_Prompt_: Below is some data. Retype exactly the lines starting at the one with "Los estudiantes aprendieron" and ending at the one with "FIRST LEVEL الطابق الاول".

_Data records_:
----

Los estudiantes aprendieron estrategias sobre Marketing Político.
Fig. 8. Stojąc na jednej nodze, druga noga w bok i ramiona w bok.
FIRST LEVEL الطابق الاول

----

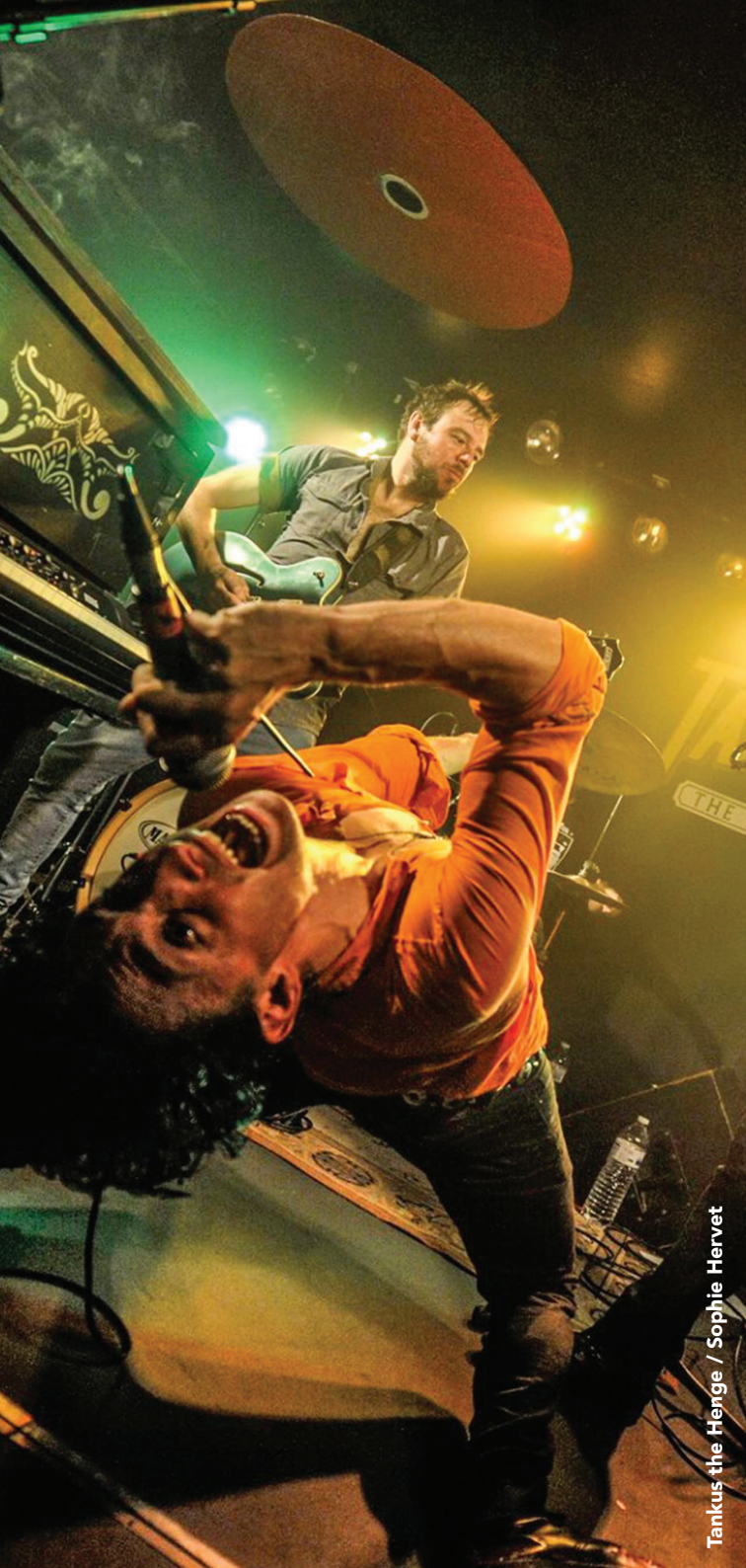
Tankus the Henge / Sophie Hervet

----

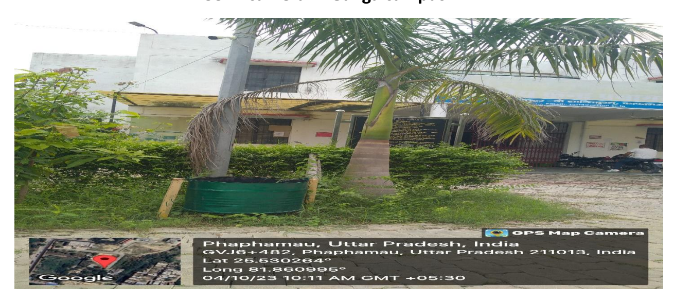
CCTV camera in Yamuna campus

----

_Result for this exercise_:
Los estudiantes aprendieron estrategias sobre Marketing Político.
Fig. 8. Stojąc na jednej nodze, druga noga w bok i ramiona w bok.
FIRST LEVEL الطابق الاول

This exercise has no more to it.